#### [WORK REQUEST]
Return a copy of every line in the data below that contains "stand".

#### [MATERIAL FOR THIS EXERCISE]
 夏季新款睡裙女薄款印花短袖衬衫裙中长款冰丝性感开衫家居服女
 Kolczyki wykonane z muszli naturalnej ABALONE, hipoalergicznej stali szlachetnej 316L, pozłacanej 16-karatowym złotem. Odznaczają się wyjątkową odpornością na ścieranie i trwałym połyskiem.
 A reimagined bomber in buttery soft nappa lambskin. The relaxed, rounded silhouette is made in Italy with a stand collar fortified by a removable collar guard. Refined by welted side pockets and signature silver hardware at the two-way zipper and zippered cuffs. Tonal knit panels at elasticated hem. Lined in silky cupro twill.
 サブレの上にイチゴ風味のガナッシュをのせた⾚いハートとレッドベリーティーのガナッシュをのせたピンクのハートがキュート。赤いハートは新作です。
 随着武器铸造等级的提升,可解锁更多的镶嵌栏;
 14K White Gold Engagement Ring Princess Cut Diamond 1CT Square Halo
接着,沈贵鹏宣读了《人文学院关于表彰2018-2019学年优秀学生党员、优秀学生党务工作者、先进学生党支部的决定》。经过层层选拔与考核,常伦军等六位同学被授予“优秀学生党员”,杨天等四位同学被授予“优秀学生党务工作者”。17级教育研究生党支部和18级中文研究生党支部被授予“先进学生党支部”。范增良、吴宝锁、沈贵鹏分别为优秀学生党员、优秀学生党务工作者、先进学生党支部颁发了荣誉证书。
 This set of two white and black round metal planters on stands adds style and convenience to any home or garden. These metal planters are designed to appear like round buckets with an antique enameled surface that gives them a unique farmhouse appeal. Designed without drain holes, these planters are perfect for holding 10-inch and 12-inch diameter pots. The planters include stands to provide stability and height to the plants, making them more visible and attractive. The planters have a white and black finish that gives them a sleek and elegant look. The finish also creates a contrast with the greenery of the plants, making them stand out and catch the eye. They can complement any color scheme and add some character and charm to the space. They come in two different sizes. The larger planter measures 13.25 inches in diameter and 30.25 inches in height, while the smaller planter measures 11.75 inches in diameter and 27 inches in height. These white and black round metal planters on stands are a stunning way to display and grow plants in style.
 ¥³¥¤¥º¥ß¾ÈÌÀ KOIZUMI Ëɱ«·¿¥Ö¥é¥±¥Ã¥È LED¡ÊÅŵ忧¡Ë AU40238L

#### [WRITTEN ANSWER]
 A reimagined bomber in buttery soft nappa lambskin. The relaxed, rounded silhouette is made in Italy with a stand collar fortified by a removable collar guard. Refined by welted side pockets and signature silver hardware at the two-way zipper and zippered cuffs. Tonal knit panels at elasticated hem. Lined in silky cupro twill.
 This set of two white and black round metal planters on stands adds style and convenience to any home or garden. These metal planters are designed to appear like round buckets with an antique enameled surface that gives them a unique farmhouse appeal. Designed without drain holes, these planters are perfect for holding 10-inch and 12-inch diameter pots. The planters include stands to provide stability and height to the plants, making them more visible and attractive. The planters have a white and black finish that gives them a sleek and elegant look. The finish also creates a contrast with the greenery of the plants, making them stand out and catch the eye. They can complement any color scheme and add some character and charm to the space. They come in two different sizes. The larger planter measures 13.25 inches in diameter and 30.25 inches in height, while the smaller planter measures 11.75 inches in diameter and 27 inches in height. These white and black round metal planters on stands are a stunning way to display and grow plants in style.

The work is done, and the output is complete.